**ASSIGNED TASK:**
Beginning with the line that contains "Loewe Bild 3.43" and ending with the line that contains "The Melting Pot", reproduce the lines of the entries below exactly, omitting pictures.

**DATA PROVIDED:**
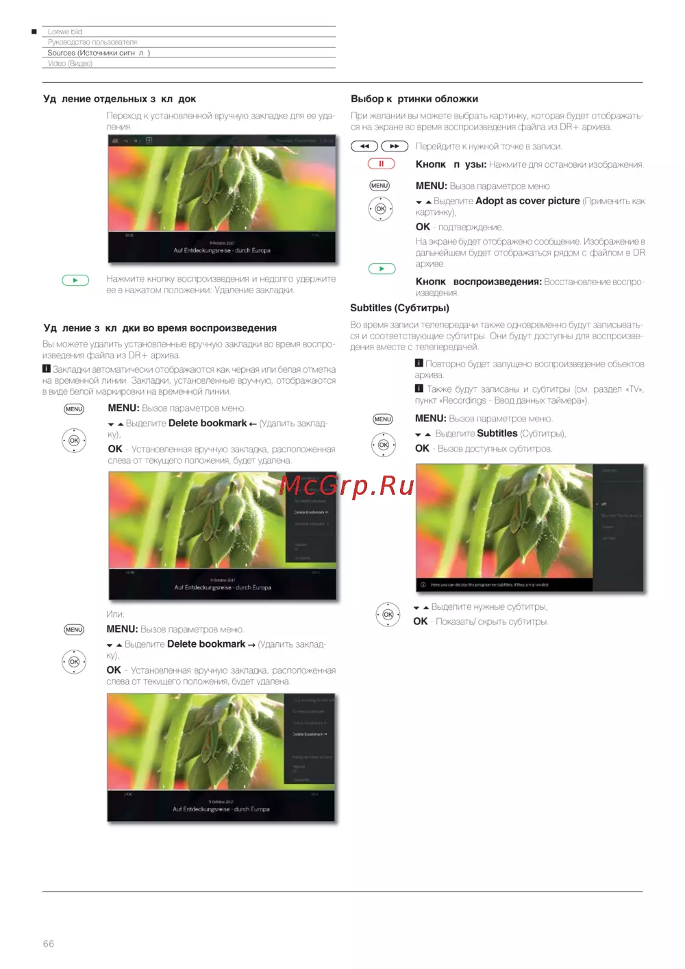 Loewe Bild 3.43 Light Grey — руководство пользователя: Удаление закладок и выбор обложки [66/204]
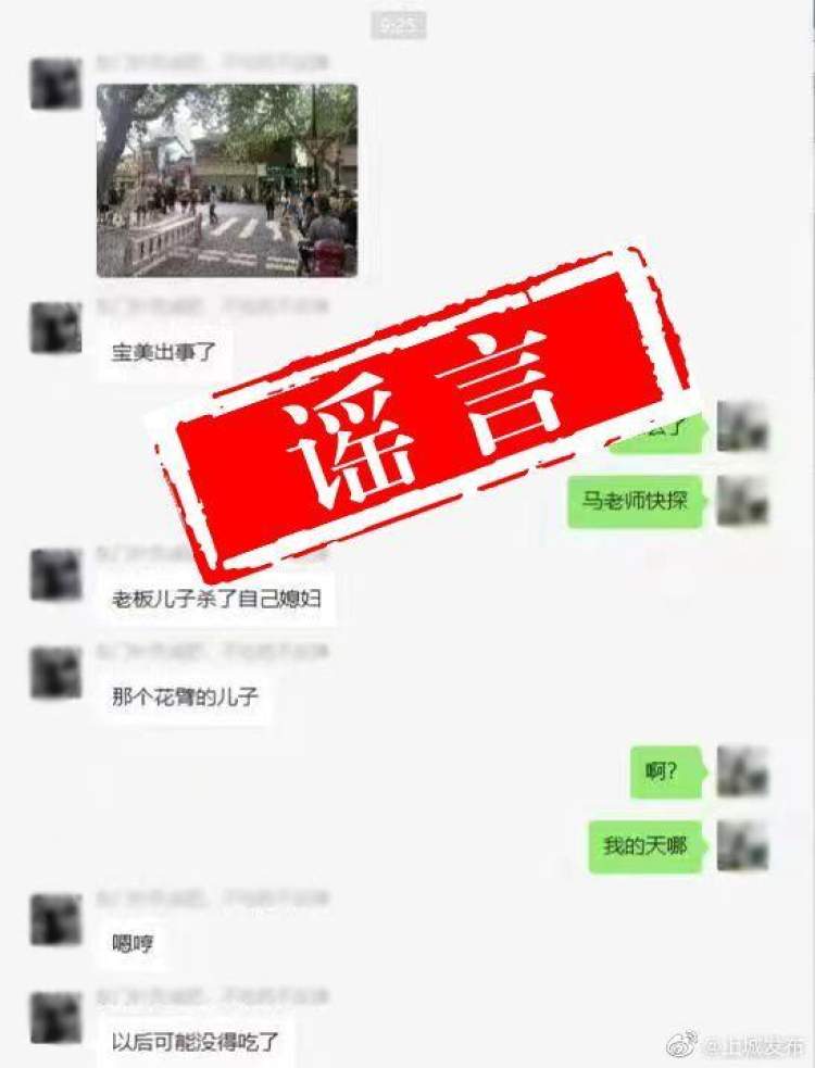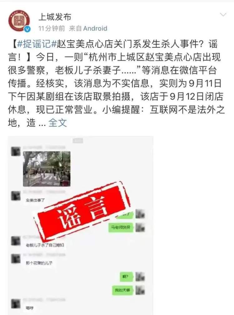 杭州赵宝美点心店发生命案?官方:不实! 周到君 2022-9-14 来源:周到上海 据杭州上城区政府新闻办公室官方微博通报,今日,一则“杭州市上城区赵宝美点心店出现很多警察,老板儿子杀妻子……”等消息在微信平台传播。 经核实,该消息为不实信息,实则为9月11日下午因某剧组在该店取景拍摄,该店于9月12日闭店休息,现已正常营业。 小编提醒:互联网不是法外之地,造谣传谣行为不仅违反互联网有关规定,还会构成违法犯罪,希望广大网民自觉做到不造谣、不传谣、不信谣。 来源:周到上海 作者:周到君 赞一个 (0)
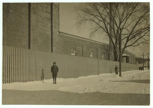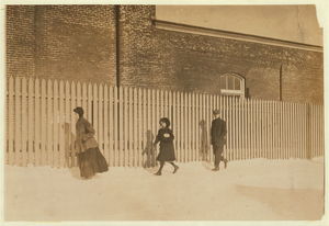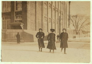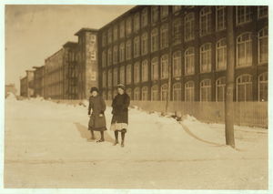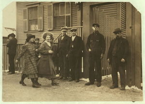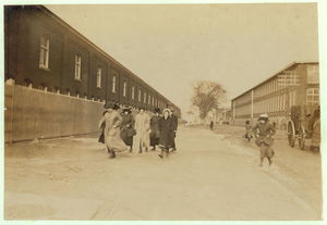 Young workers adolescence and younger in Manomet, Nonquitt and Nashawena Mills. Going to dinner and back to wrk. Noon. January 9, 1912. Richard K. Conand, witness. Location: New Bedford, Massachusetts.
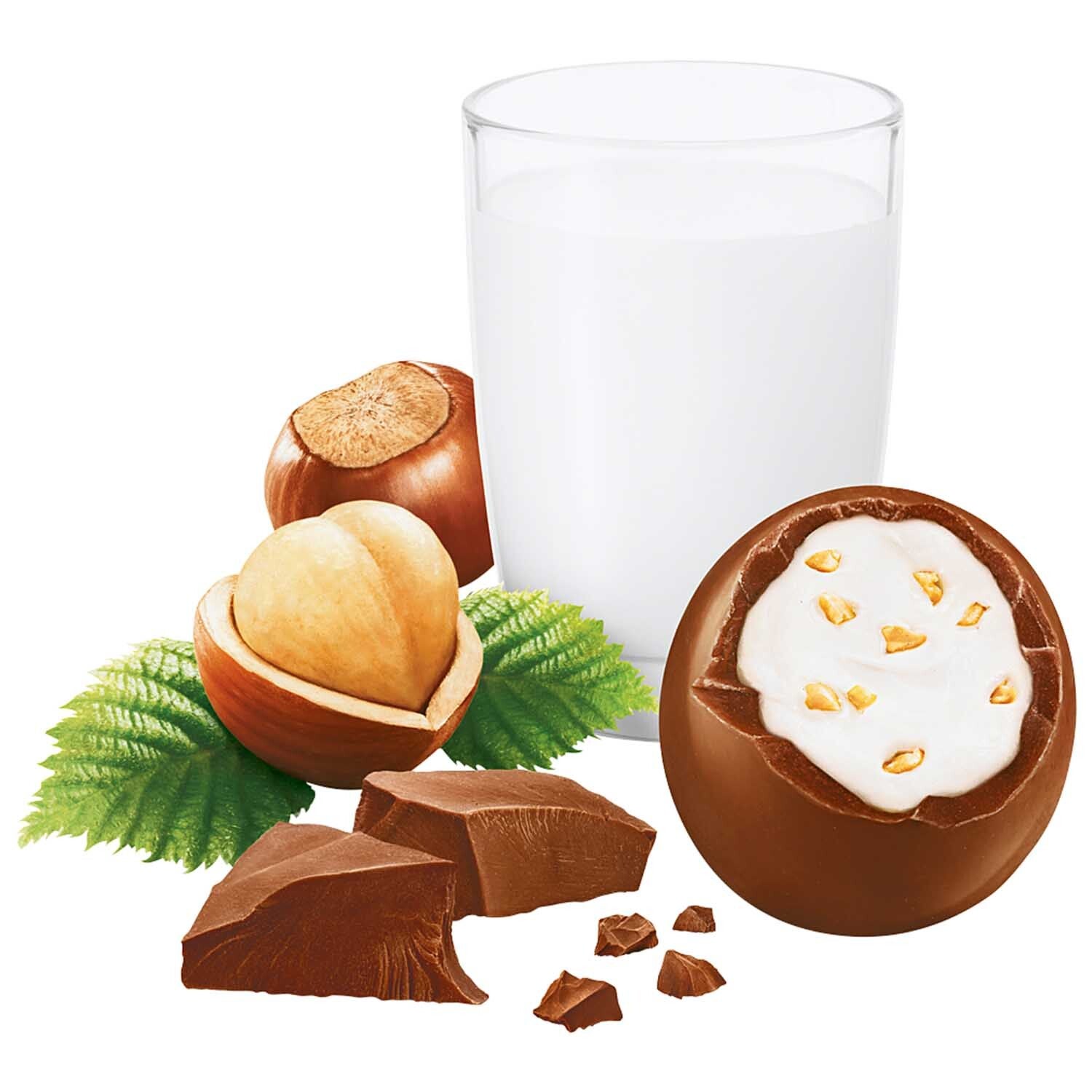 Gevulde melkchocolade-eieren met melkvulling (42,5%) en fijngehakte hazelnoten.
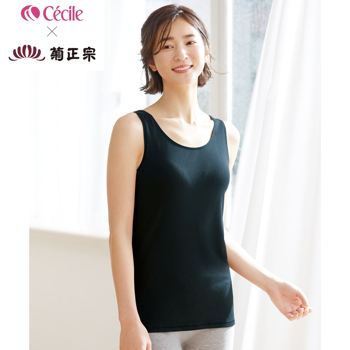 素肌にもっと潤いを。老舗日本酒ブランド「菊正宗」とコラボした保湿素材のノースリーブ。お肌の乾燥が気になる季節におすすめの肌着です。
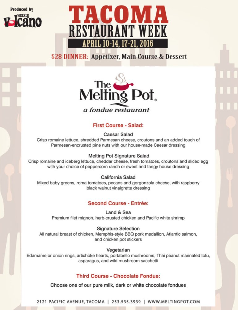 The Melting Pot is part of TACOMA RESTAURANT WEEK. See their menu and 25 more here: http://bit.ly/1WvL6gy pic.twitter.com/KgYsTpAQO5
* * *
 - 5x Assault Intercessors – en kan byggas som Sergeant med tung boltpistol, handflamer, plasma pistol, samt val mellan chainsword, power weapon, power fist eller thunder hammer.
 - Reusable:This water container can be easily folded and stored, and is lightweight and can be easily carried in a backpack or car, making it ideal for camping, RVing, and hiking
* * *
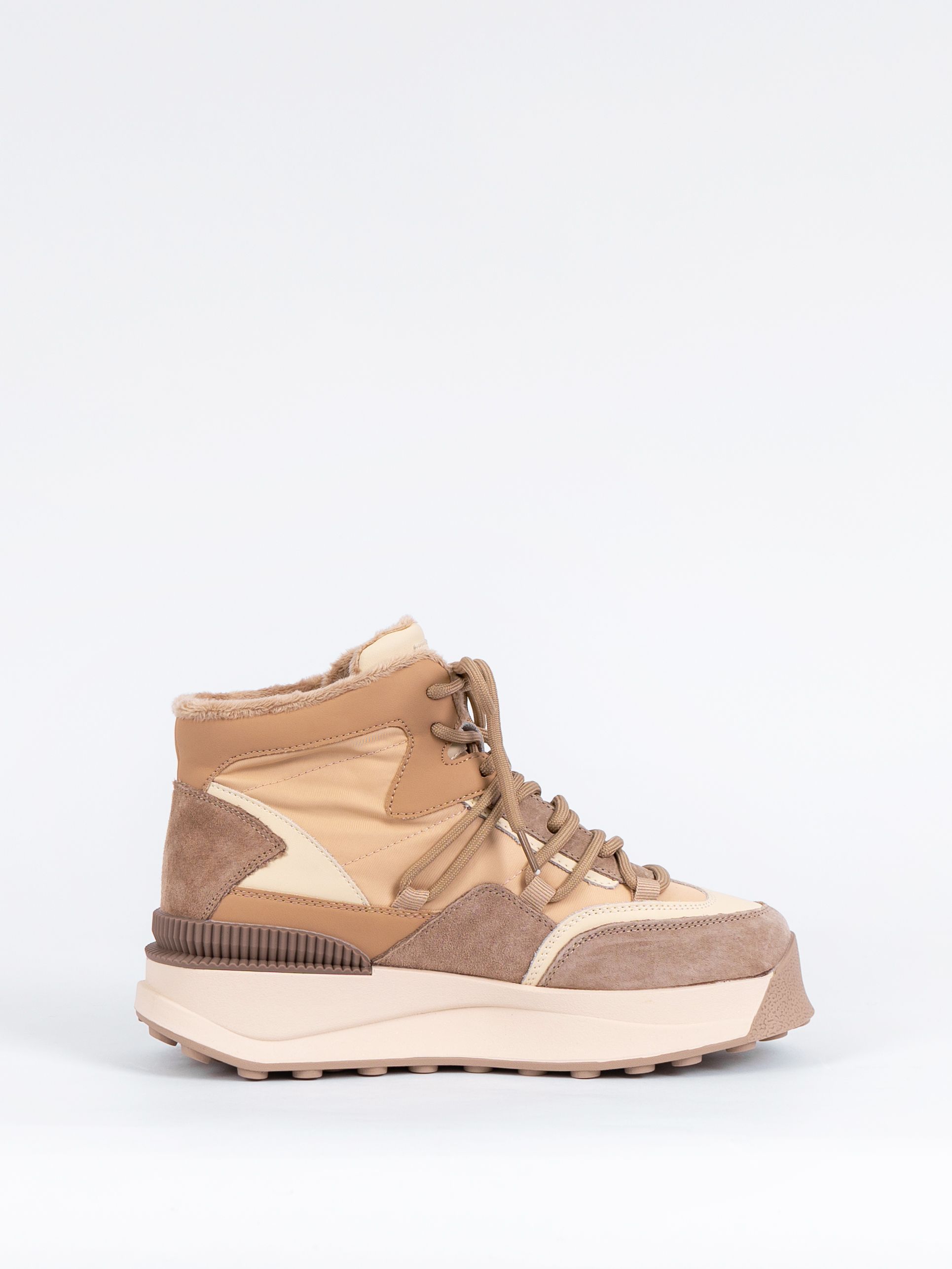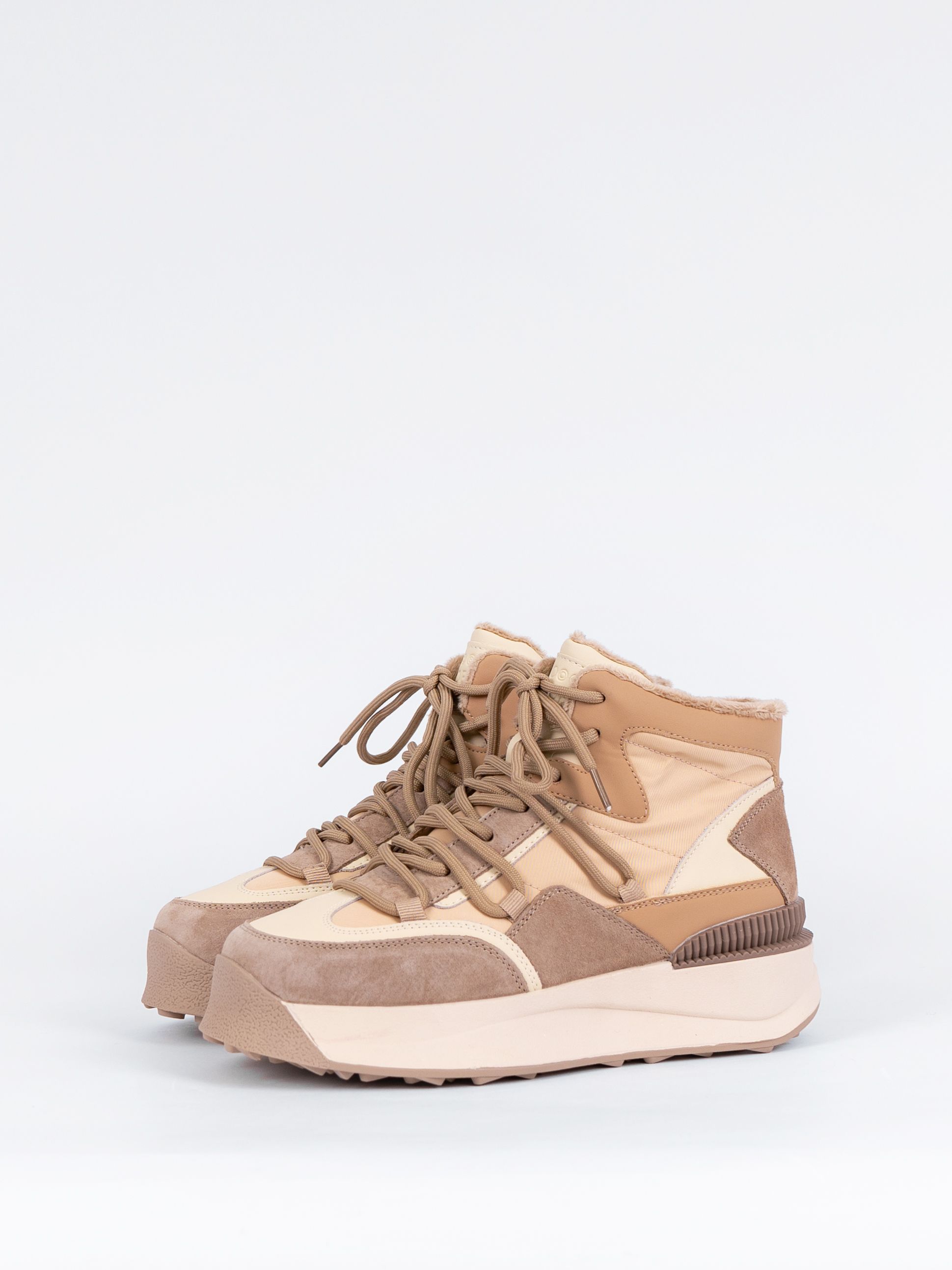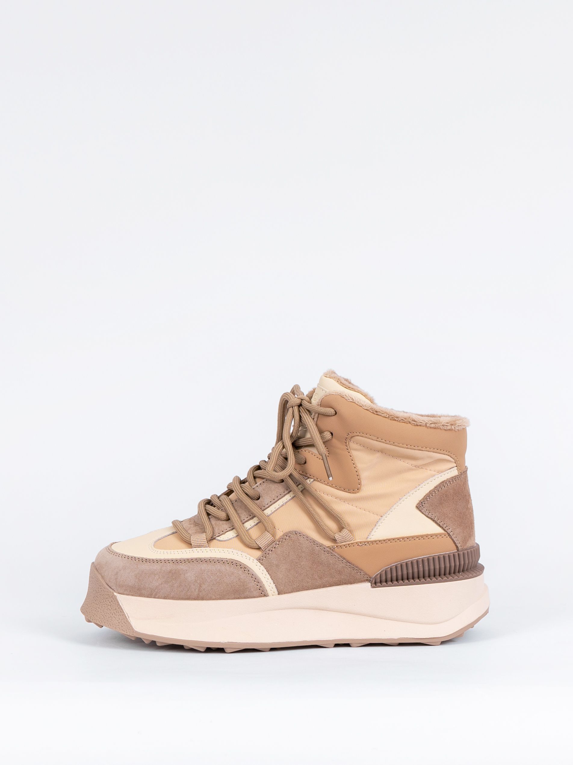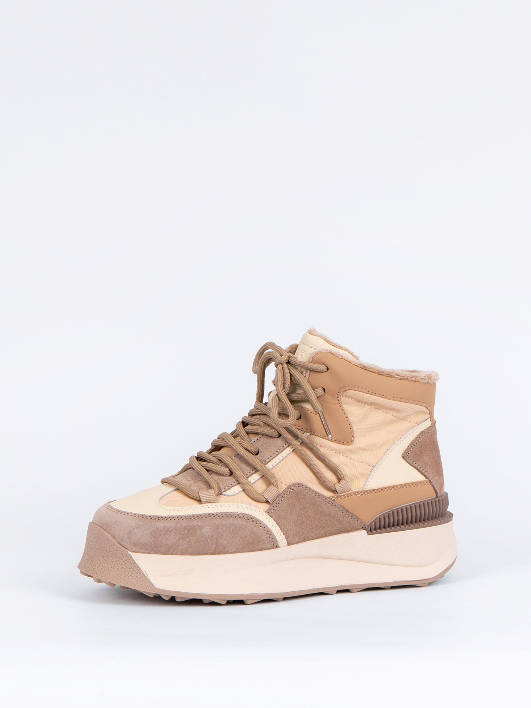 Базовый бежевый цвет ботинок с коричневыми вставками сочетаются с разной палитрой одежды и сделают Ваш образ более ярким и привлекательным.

**OUTPUT OF THE EXERCISE:**
 Loewe Bild 3.43 Light Grey — руководство пользователя: Удаление закладок и выбор обложки [66/204]
 杭州赵宝美点心店发生命案?官方:不实! 周到君 2022-9-14 来源:周到上海 据杭州上城区政府新闻办公室官方微博通报,今日,一则“杭州市上城区赵宝美点心店出现很多警察,老板儿子杀妻子……”等消息在微信平台传播。 经核实,该消息为不实信息,实则为9月11日下午因某剧组在该店取景拍摄,该店于9月12日闭店休息,现已正常营业。 小编提醒:互联网不是法外之地,造谣传谣行为不仅违反互联网有关规定,还会构成违法犯罪,希望广大网民自觉做到不造谣、不传谣、不信谣。 来源:周到上海 作者:周到君 赞一个 (0)
 Young workers adolescence and younger in Manomet, Nonquitt and Nashawena Mills. Going to dinner and back to wrk. Noon. January 9, 1912. Richard K. Conand, witness. Location: New Bedford, Massachusetts.
 Gevulde melkchocolade-eieren met melkvulling (42,5%) en fijngehakte hazelnoten.
 素肌にもっと潤いを。老舗日本酒ブランド「菊正宗」とコラボした保湿素材のノースリーブ。お肌の乾燥が気になる季節におすすめの肌着です。
 The Melting Pot is part of TACOMA RESTAURANT WEEK. See their menu and 25 more here: http://bit.ly/1WvL6gy pic.twitter.com/KgYsTpAQO5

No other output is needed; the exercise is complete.